» Problem to solve:
Omit all images, then repeat exactly the lines below from the one containing "Die Veranstaltung ist" through the one containing "跟仪器交互之后,就可以使用材", both ends included.

[Items from a data source]
Start of Block

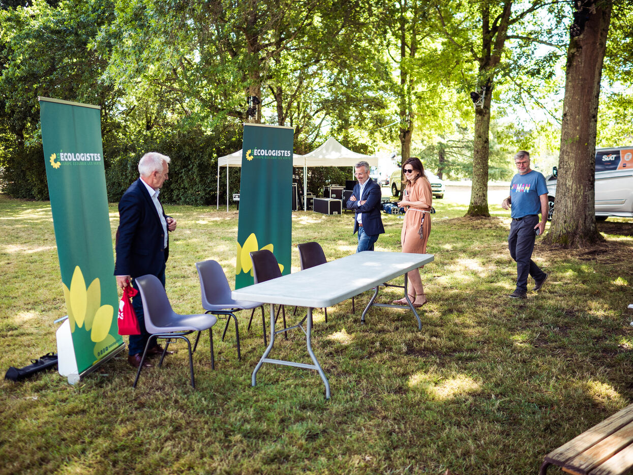 Conférence de Presse EELV pour les Journées d'été. Les Journées d'été ont lieux sur l'Ile Balzac à Tours du 22 au 24 aout 2024.
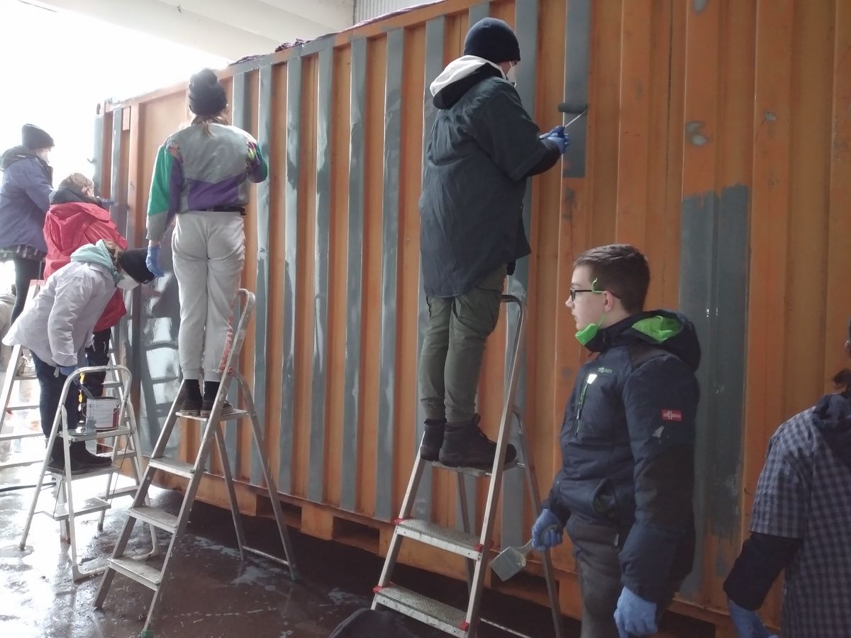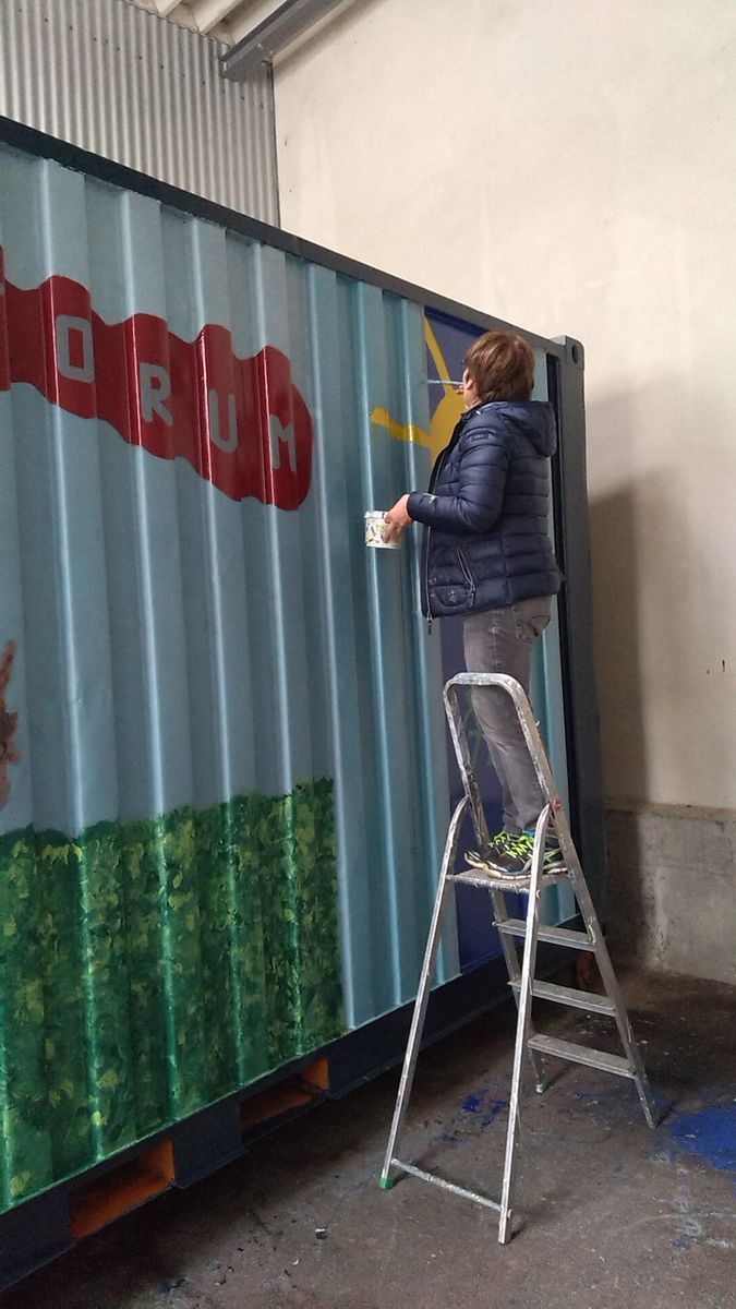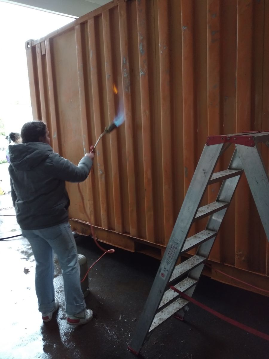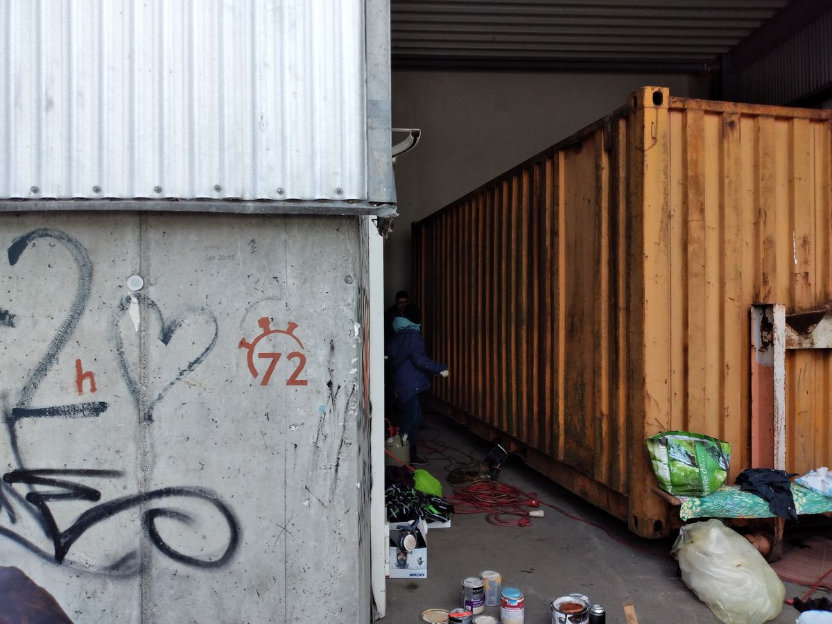 Der Container muss geschliffen, lackiert und bemalt werden.
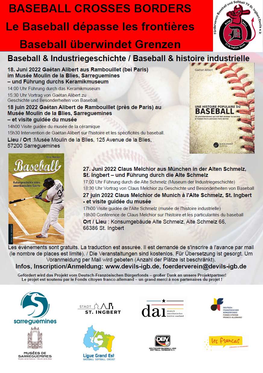 Die Veranstaltung ist sozusagen der kulturelle Teil des deutsch-französischen Projekts „Baseball crosses borders“, das die Devils des TV St. Ingbert in diesem Jahr in Sarreguemines und St. Ingbert veranstalten.
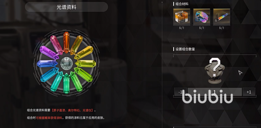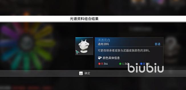 跟仪器交互之后,就可以使用材料进行颜色合成,这个是具有随机性的,玩家可以自行决定每次合成几个颜色。得到满意的颜色之后,就可以进入皮肤页面,单独点击想要换色的服装,在右边选择对应颜色应用就行了。
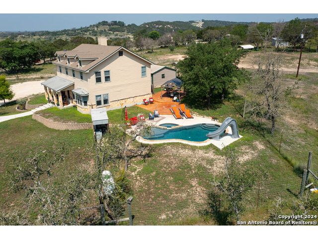 Unbeatable Opportunity! Rare and private 60-acre property with unrestricted land and breathtaking views! Perfect for outdoor enthusiasts and hunters with abundant exotic wildlife. The property features two homes: a charming 4-bedroom, 3-bath main house with a spacious bonus room, a master suite on the main floor, a cozy rock fireplace, a fenced-in rock patio, a pool, jacuzzi, and a waterslide. Plus, there's a newer 4-bedroom, 3-bath guest home with a welcoming screened front porch and a fenced backyard, ideal for pets. The property also includes a working water well and Ag Exempt pastureland, with plenty of space for horses. Conveniently located just 5 minutes from downtown Kerrville and I-10, 30 minutes from Fredericksburg, and an hour from San Antonio. A major hospital is also nearby. Situated next to the prestigious Twin Springs community with 20-acre minimum ranch sites, this is an exceptional property for a family retreat or an outstanding investment opportunity. There's no HOA, and the land is sub-dividable. Make this your perfect Texas Hill Country escape!
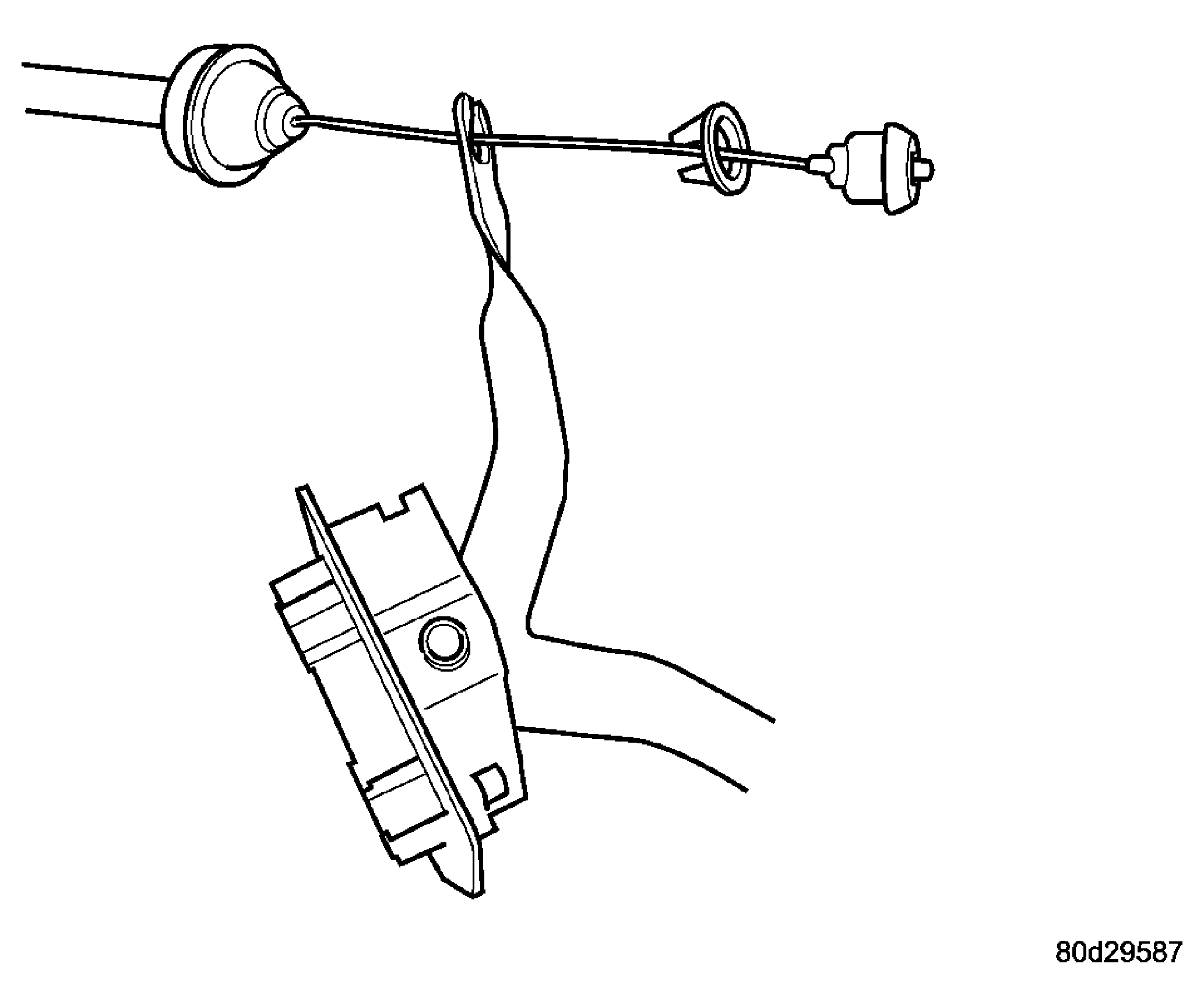 - From the engine compartment, hold the throttle body lever in the wide open position and install the throttle cable. See Figure.
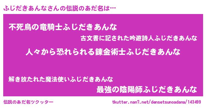 | 男性向けラノベタイトル風あだ名 | 『フジダキアンナスレイヤー』 |
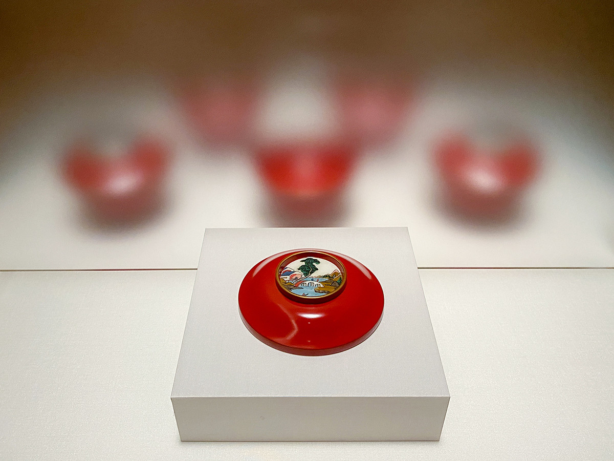 離れて展示されていると、文様や形、技法の違いを、おのずとよく見る事に。身と蓋がセットであることの意味を意識的に考えることができます。
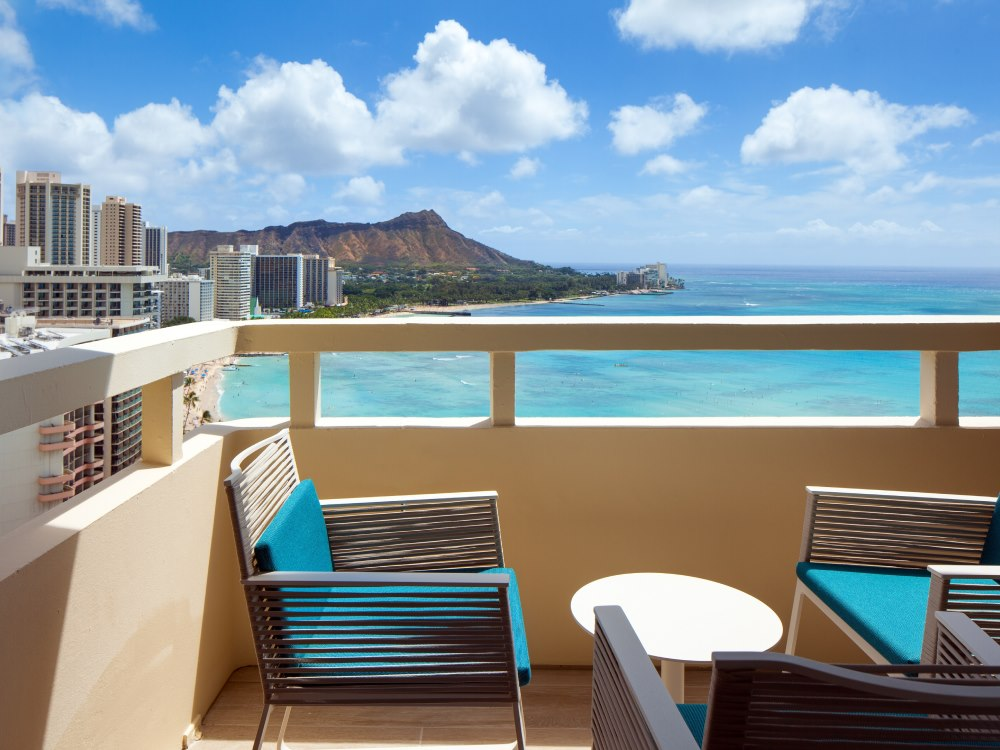 シェラトン ワイキキの客室は全体的に広めで、スタンダードでも約37㎡あります。オーシャンビュールームは約42㎡で、大きめのバルコニーからワイキキビーチを望める造りになっています。
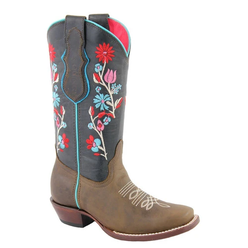 Quincy Women’s Volcano Chocolate Square Toe Cowgirl Boots. Â Features a flower stitched design. Â
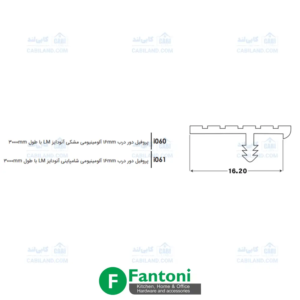 پروفیل دور درب 16mm آلومینیومی آنودایز LM با طول 3000mm فانتونی i060 و i061 از سری محصولات پروفیل لبه درب آنودایز فانتونی با ۵ سال گارانتی بی قید و شرط
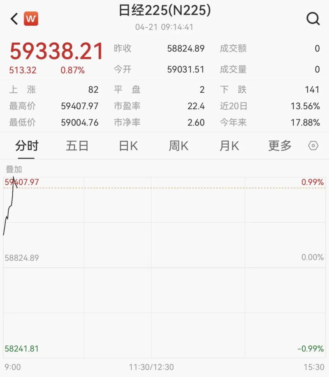 4月21日,受伊朗可能与美国会谈消息提振,日韩股市集体高开,韩国综合指数日内涨幅达2%,再创历史新高。
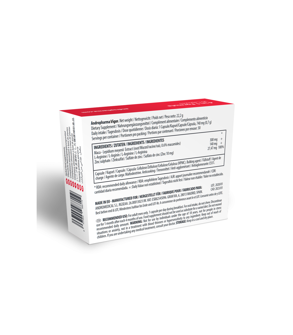 Andropharma Vigor es un complemento alimenticio en cápsulas, a base de extractos vegetales, minerales y aminoácidos, desarrollado para apoyar la vitalidad masculina y favorecer una vida íntima plena. Su fórmula avanzada de tercera generación combina ingredientes tradicionales como maca, damiana, ginseng, ginkgo biloba y L-arginina, junto con zinc, contribuyendo al funcionamiento normal de la testosterona y al rendimiento sexual.
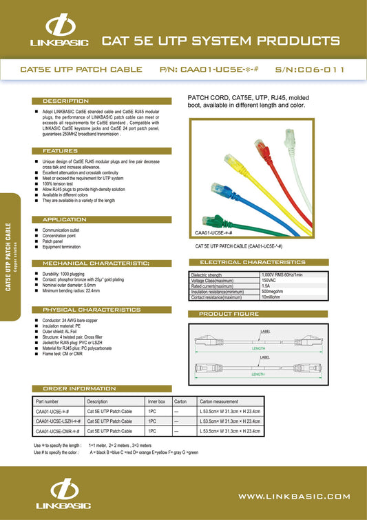 Linkbasic 5 Meter UTP Cat5e Flylead, Patch Cable.
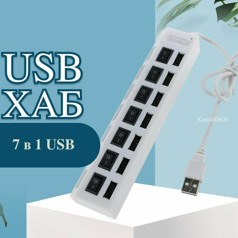 Usb Hub, USB-концентратор USB 2.0 на 7 Порта, HUB разветвитесь с выключателями, USB-ХАБ для периферийных устройств белый интересное:
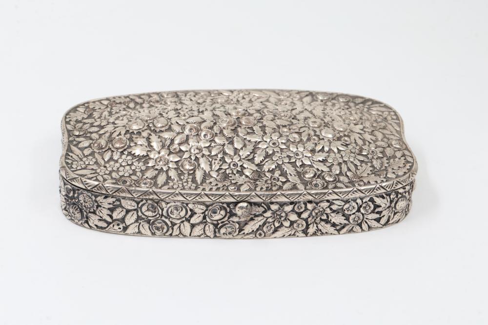Howard & Co Sterling Silver Hinged Box with Floral Design. This rectangular box is adorned with intricate floral and leaf patterns on all sides and features a hinged lid. The interior of the box has a smooth silver finish, and the underside is marked with 'Howard & Co' and 'Sterling.' Total weight being 312 grams.
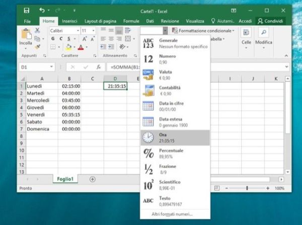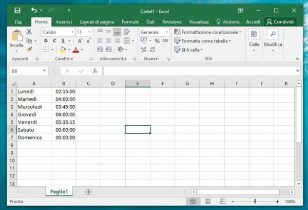 Facendo un esempio pratico, puoi creare una tabella in cui nelle celle che vanno da A1 ed A7 ci sono elencati i giorni della settimana (es. Lunedì, Martedì, ecc.) e in quelle che vanno da B1 a B7 il numero di ore, minuti e secondi che hai speso per compiere il lavoro di cui vuoi realizzare un resoconto.
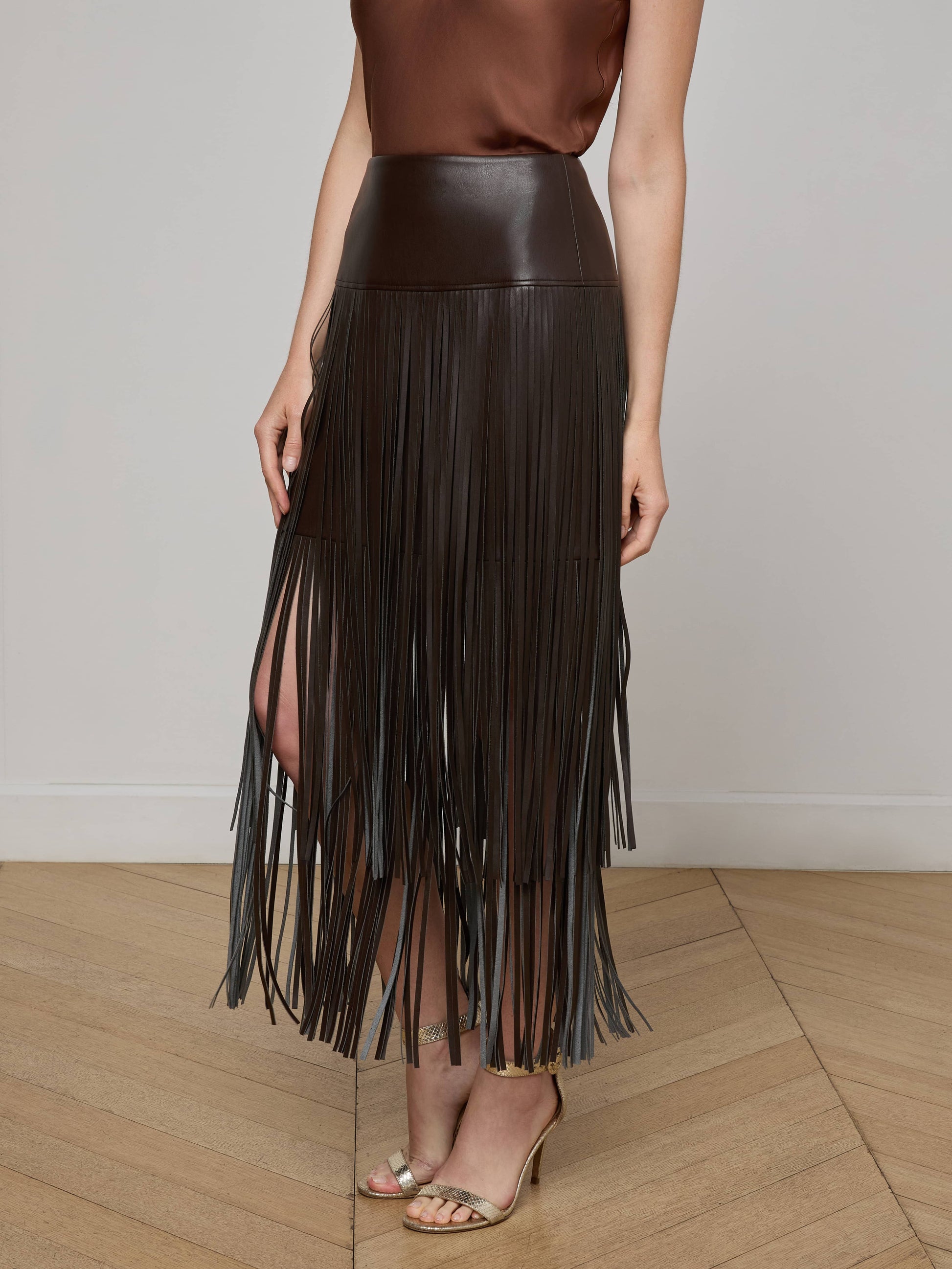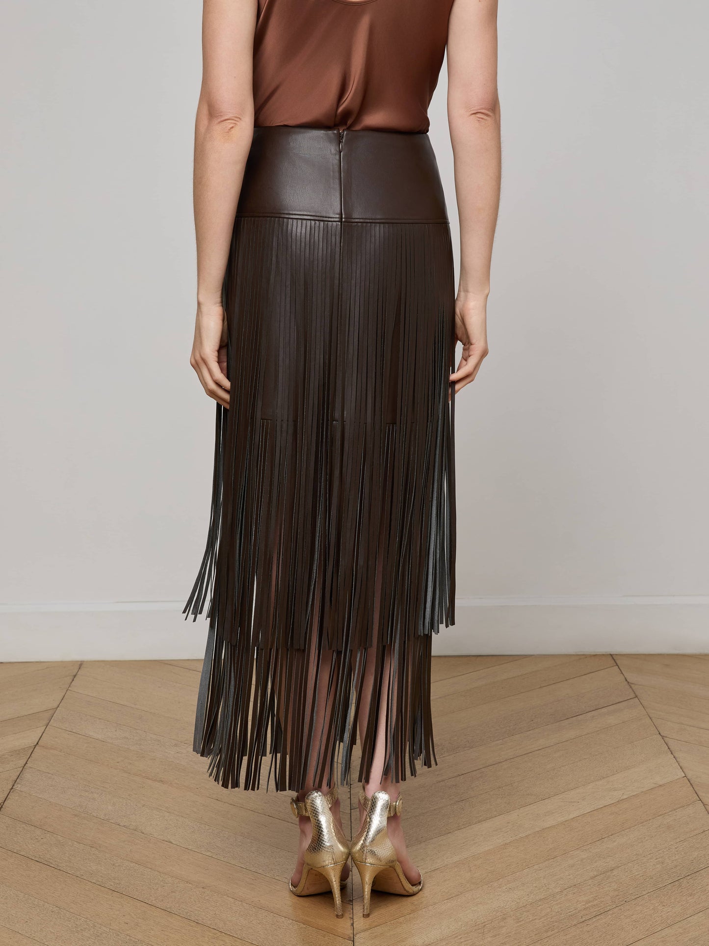 The Karolina statement skirt turns heads with every step—crafted in dark brown vegan leather, it features tiered fringe for dramatic movement and studded detailing for extra edge.

End of Block

» Answer to the exercise:
 Die Veranstaltung ist sozusagen der kulturelle Teil des deutsch-französischen Projekts „Baseball crosses borders“, das die Devils des TV St. Ingbert in diesem Jahr in Sarreguemines und St. Ingbert veranstalten.
 跟仪器交互之后,就可以使用材料进行颜色合成,这个是具有随机性的,玩家可以自行决定每次合成几个颜色。得到满意的颜色之后,就可以进入皮肤页面,单独点击想要换色的服装,在右边选择对应颜色应用就行了。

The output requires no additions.